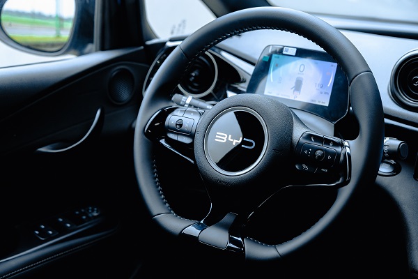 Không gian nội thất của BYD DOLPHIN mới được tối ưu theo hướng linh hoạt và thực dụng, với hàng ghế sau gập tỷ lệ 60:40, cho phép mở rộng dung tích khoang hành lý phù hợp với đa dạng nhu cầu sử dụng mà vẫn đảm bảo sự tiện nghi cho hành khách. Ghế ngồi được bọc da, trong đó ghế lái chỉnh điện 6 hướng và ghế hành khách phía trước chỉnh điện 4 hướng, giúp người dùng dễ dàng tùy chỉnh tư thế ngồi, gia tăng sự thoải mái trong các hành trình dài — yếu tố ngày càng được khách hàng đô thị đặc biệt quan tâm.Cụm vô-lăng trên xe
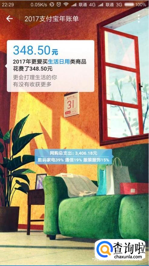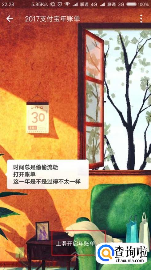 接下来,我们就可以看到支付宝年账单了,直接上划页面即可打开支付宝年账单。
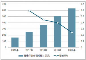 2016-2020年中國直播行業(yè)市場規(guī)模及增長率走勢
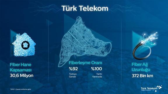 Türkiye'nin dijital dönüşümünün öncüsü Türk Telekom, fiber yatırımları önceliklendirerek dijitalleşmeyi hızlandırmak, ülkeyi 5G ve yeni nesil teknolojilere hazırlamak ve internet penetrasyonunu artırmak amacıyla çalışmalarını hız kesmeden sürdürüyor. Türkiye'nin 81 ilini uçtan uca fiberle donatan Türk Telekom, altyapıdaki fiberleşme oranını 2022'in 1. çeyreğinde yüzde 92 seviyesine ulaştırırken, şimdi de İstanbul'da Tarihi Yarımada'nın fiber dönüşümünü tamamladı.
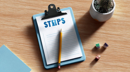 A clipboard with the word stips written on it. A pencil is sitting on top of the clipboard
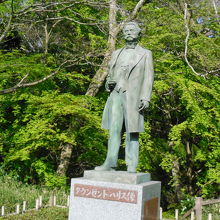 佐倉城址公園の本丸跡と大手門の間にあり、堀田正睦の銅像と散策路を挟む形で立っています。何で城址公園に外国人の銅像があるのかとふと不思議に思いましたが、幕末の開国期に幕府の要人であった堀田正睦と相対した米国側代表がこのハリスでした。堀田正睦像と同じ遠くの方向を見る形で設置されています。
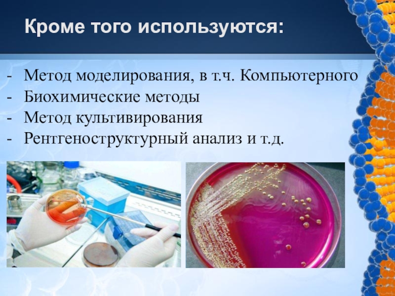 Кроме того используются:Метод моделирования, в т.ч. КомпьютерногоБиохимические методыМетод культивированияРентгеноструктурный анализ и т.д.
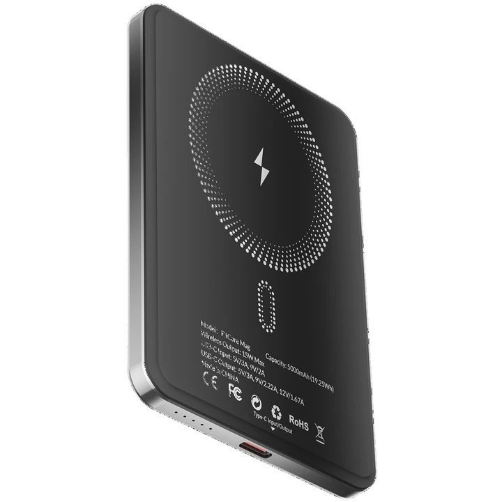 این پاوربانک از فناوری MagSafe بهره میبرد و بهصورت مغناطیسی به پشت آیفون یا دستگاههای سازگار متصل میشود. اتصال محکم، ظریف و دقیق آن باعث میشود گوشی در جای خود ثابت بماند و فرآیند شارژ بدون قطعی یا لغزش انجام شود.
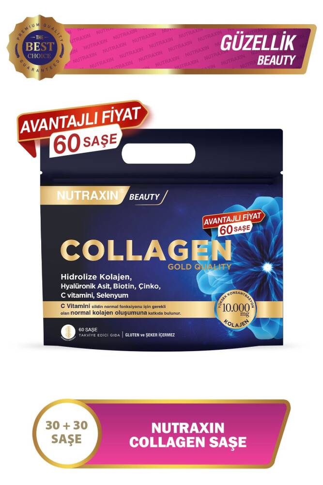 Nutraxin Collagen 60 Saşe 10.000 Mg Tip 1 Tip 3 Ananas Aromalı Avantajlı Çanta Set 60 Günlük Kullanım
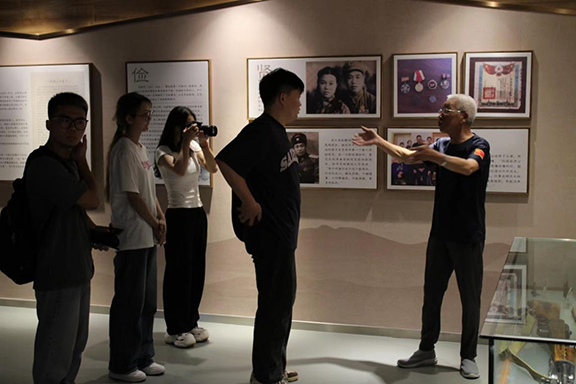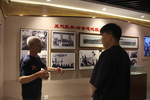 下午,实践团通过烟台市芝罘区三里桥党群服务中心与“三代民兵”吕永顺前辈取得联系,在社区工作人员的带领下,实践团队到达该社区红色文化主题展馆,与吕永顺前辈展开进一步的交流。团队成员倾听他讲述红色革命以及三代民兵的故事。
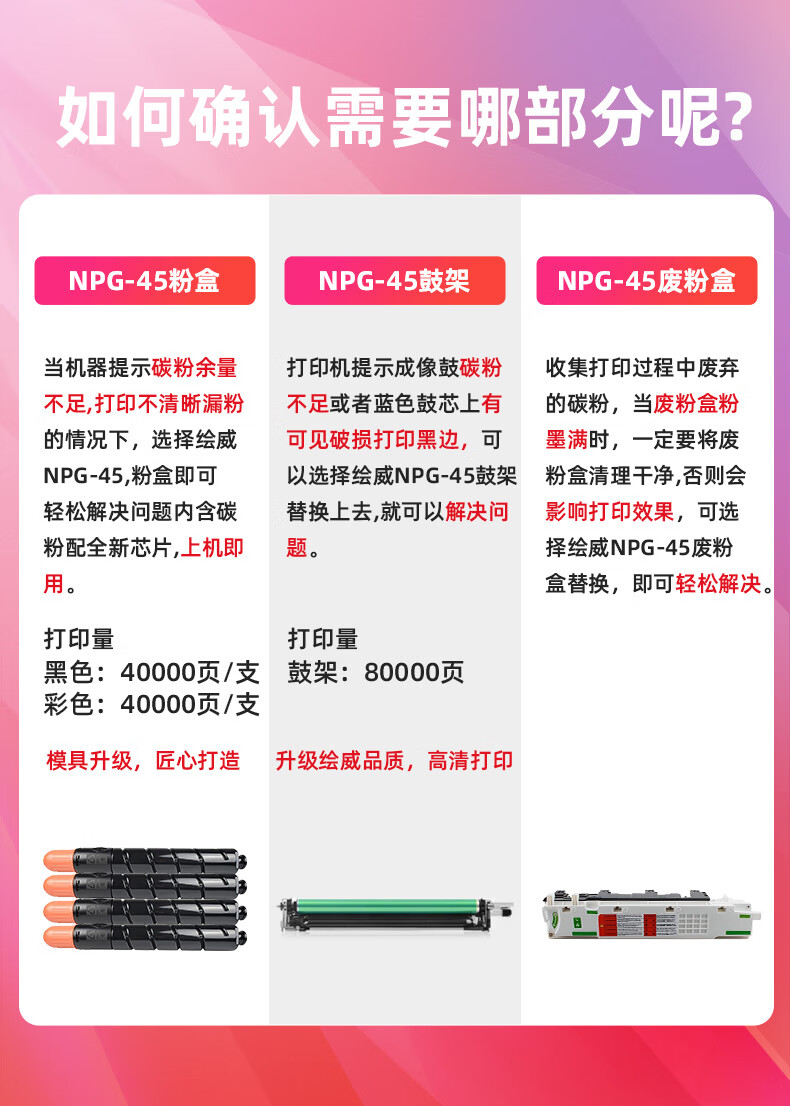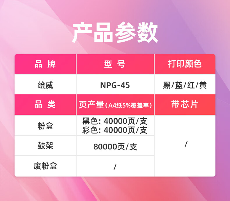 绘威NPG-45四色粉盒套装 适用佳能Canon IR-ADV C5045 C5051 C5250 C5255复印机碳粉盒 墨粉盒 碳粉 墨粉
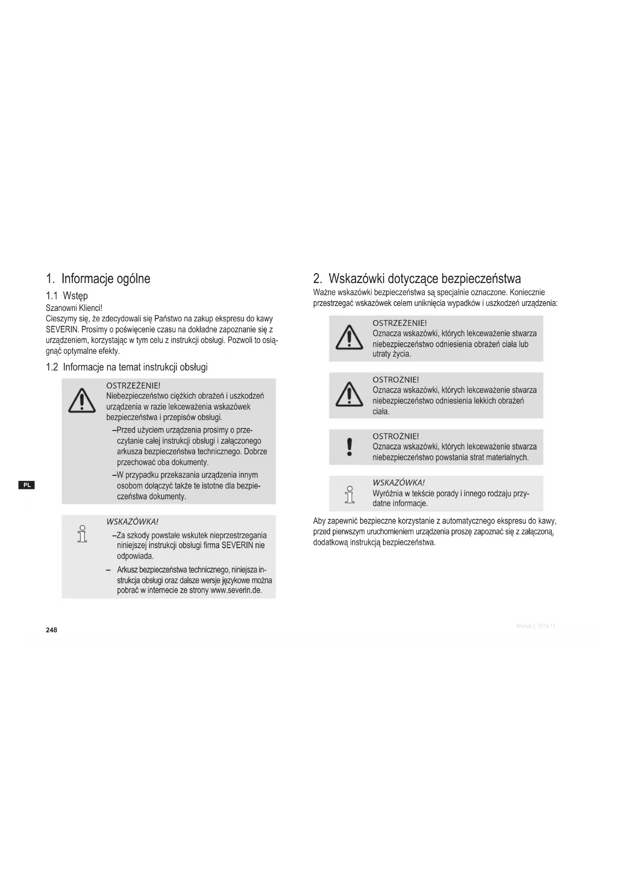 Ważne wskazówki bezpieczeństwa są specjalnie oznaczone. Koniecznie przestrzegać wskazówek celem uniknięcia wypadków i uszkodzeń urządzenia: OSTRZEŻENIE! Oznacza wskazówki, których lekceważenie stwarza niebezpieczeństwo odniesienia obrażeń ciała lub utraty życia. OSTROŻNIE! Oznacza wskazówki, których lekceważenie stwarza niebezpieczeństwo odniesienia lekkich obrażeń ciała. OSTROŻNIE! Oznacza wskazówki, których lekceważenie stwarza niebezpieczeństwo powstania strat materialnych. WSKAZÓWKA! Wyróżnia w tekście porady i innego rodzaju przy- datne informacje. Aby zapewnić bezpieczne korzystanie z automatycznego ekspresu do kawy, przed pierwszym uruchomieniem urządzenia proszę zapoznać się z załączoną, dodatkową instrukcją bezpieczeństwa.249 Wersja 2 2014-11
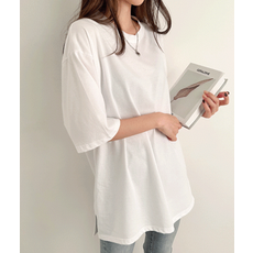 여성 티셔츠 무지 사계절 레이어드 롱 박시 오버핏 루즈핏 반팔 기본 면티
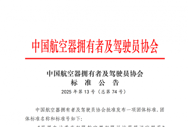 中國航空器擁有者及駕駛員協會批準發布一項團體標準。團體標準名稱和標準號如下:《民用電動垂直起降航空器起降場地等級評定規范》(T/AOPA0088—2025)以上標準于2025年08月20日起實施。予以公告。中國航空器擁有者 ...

**YOUR GOAL:** The listing above must be restated word for word. Its pictures are to be left out.

**TASK RESPONSE:**
 Không gian nội thất của BYD DOLPHIN mới được tối ưu theo hướng linh hoạt và thực dụng, với hàng ghế sau gập tỷ lệ 60:40, cho phép mở rộng dung tích khoang hành lý phù hợp với đa dạng nhu cầu sử dụng mà vẫn đảm bảo sự tiện nghi cho hành khách. Ghế ngồi được bọc da, trong đó ghế lái chỉnh điện 6 hướng và ghế hành khách phía trước chỉnh điện 4 hướng, giúp người dùng dễ dàng tùy chỉnh tư thế ngồi, gia tăng sự thoải mái trong các hành trình dài — yếu tố ngày càng được khách hàng đô thị đặc biệt quan tâm.Cụm vô-lăng trên xe
 接下来,我们就可以看到支付宝年账单了,直接上划页面即可打开支付宝年账单。
 2016-2020年中國直播行業(yè)市場規(guī)模及增長率走勢
 Türkiye'nin dijital dönüşümünün öncüsü Türk Telekom, fiber yatırımları önceliklendirerek dijitalleşmeyi hızlandırmak, ülkeyi 5G ve yeni nesil teknolojilere hazırlamak ve internet penetrasyonunu artırmak amacıyla çalışmalarını hız kesmeden sürdürüyor. Türkiye'nin 81 ilini uçtan uca fiberle donatan Türk Telekom, altyapıdaki fiberleşme oranını 2022'in 1. çeyreğinde yüzde 92 seviyesine ulaştırırken, şimdi de İstanbul'da Tarihi Yarımada'nın fiber dönüşümünü tamamladı.
 A clipboard with the word stips written on it. A pencil is sitting on top of the clipboard
 佐倉城址公園の本丸跡と大手門の間にあり、堀田正睦の銅像と散策路を挟む形で立っています。何で城址公園に外国人の銅像があるのかとふと不思議に思いましたが、幕末の開国期に幕府の要人であった堀田正睦と相対した米国側代表がこのハリスでした。堀田正睦像と同じ遠くの方向を見る形で設置されています。
 Кроме того используются:Метод моделирования, в т.ч. КомпьютерногоБиохимические методыМетод культивированияРентгеноструктурный анализ и т.д.
 این پاوربانک از فناوری MagSafe بهره میبرد و بهصورت مغناطیسی به پشت آیفون یا دستگاههای سازگار متصل میشود. اتصال محکم، ظریف و دقیق آن باعث میشود گوشی در جای خود ثابت بماند و فرآیند شارژ بدون قطعی یا لغزش انجام شود.
 Nutraxin Collagen 60 Saşe 10.000 Mg Tip 1 Tip 3 Ananas Aromalı Avantajlı Çanta Set 60 Günlük Kullanım
 下午,实践团通过烟台市芝罘区三里桥党群服务中心与“三代民兵”吕永顺前辈取得联系,在社区工作人员的带领下,实践团队到达该社区红色文化主题展馆,与吕永顺前辈展开进一步的交流。团队成员倾听他讲述红色革命以及三代民兵的故事。
 绘威NPG-45四色粉盒套装 适用佳能Canon IR-ADV C5045 C5051 C5250 C5255复印机碳粉盒 墨粉盒 碳粉 墨粉
 Ważne wskazówki bezpieczeństwa są specjalnie oznaczone. Koniecznie przestrzegać wskazówek celem uniknięcia wypadków i uszkodzeń urządzenia: OSTRZEŻENIE! Oznacza wskazówki, których lekceważenie stwarza niebezpieczeństwo odniesienia obrażeń ciała lub utraty życia. OSTROŻNIE! Oznacza wskazówki, których lekceważenie stwarza niebezpieczeństwo odniesienia lekkich obrażeń ciała. OSTROŻNIE! Oznacza wskazówki, których lekceważenie stwarza niebezpieczeństwo powstania strat materialnych. WSKAZÓWKA! Wyróżnia w tekście porady i innego rodzaju przy- datne informacje. Aby zapewnić bezpieczne korzystanie z automatycznego ekspresu do kawy, przed pierwszym uruchomieniem urządzenia proszę zapoznać się z załączoną, dodatkową instrukcją bezpieczeństwa.249 Wersja 2 2014-11
 여성 티셔츠 무지 사계절 레이어드 롱 박시 오버핏 루즈핏 반팔 기본 면티
 中國航空器擁有者及駕駛員協會批準發布一項團體標準。團體標準名稱和標準號如下:《民用電動垂直起降航空器起降場地等級評定規范》(T/AOPA0088—2025)以上標準于2025年08月20日起實施。予以公告。中國航空器擁有者 ...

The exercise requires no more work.